Ikea effect for cakes.



https://www.ted.com/talks/dan_ariely_what_makes_us_feel_good_about_our_work?language=en#

It is so interesting how popular 3 ingredient baking recipes are. There is just a right amount of work to make it feel like you are making something from scratch. Even though there are only three ingredients things can still go wrong. time temperature egg size and quality as well as flour type will give different results. so there is still some skill on that end, not to mention the key to making it all look good. presentation.

wasn't this a sub-plot in Mad Men? product was a soup, not a cake iirc
 
LOL. You can't be more wrong. If you get a digital scale it's pretty sleek, non-bothersome, and arguably takes much less space than the dozen or measuring cups and spoons you need otherwise. You save on cleanup because for many recipes you just have to dump everything in a single bowl as you measure each ingredient (using the TARE function to set the scale back to zero for each ingredient measured).
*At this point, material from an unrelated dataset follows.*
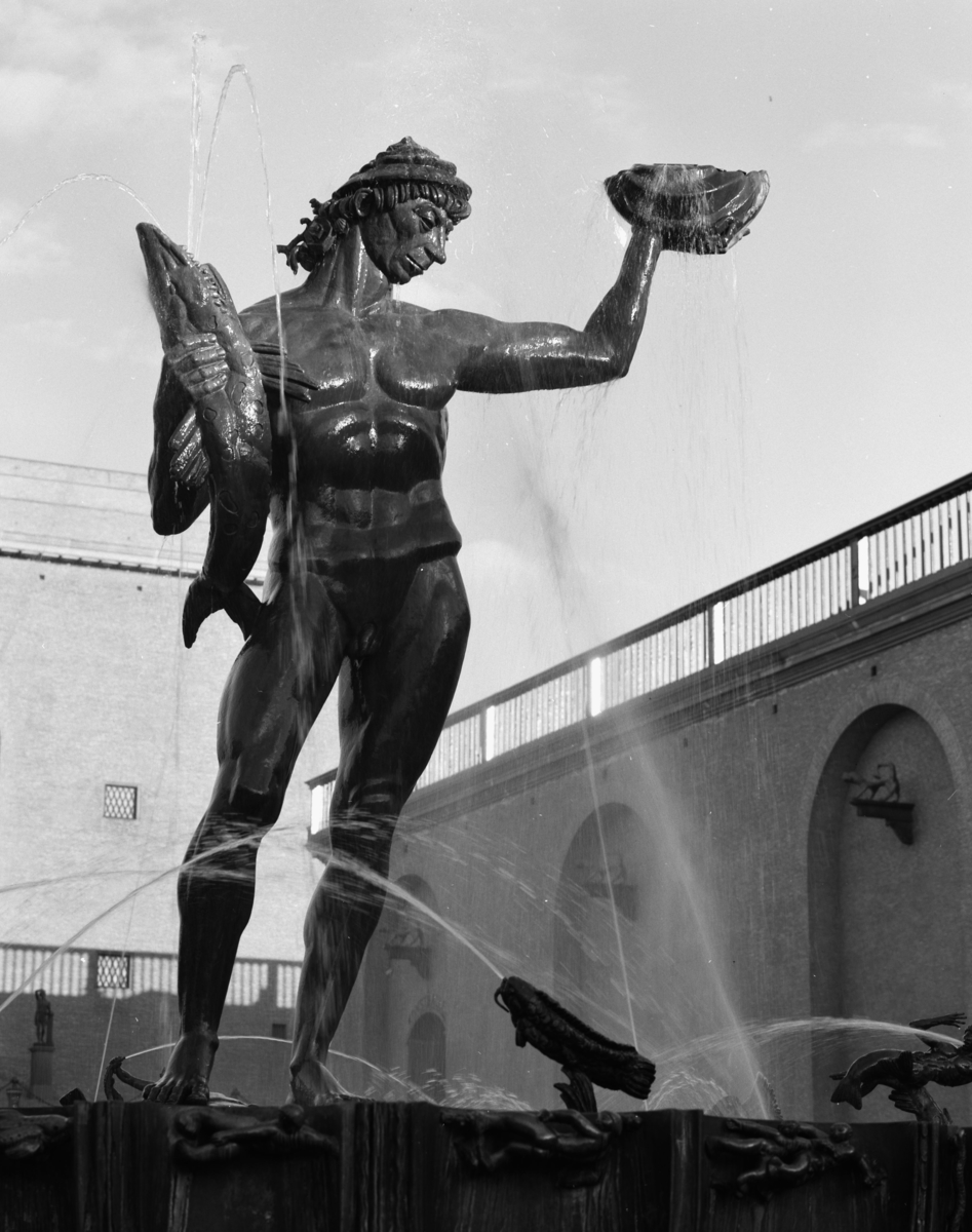 Exteriör. Detalj av fontänen Poseidon med Göteborgs konstmuseum i bakgrunden

Not to mention it's 99% accurate, unlike volume measurements where the actual amounts could fluctuate wildly based on humidity, sifted vs non-sifted, etc.

If anything cups and spoons are ass backwards, ESPECIALLY for baking, which is a science =P

People dependent on regressive volume measurements are the reason why many culinary books are being held back.

My tiny set (which is a set of those posted, just one less as one of them is a coffee measurer and not needed for baking) takes about a fifth of the total space of a scale, digital or not, and I can bake just as good cakes with them without being so obsessive about measurements. Heck, I usually improvise a bit when baking anyway so its never exact amounts of anything. :P

It's actually cleaner and more efficient. No cleaning those little cups.

Just get a bowl, zero out each ingredient, and do your thing.

How are these hard to clean? Pour some water on them, shake and done or just throw them into the washing machine.
 
wasn't this a sub-plot in Mad Men? product was a soup, not a cake iirc

Are you sure it wasn't a cake mix? Haven't seen the show, but the legend is that when cake mixes were first introduced they didn't need any extra ingredients besides water, but housewives rejected them because it didn't feel like "baking," so manufacturers added fresh eggs to the recipe. My daughter recently made brownies and forgot to add the eggs. They came out fine, just a little more dense. Nobody else would eat them, though.
 
Tried it twice. Once in the morning and earlier today. Second time came out better as I was actually able to use measuring cups and stuff.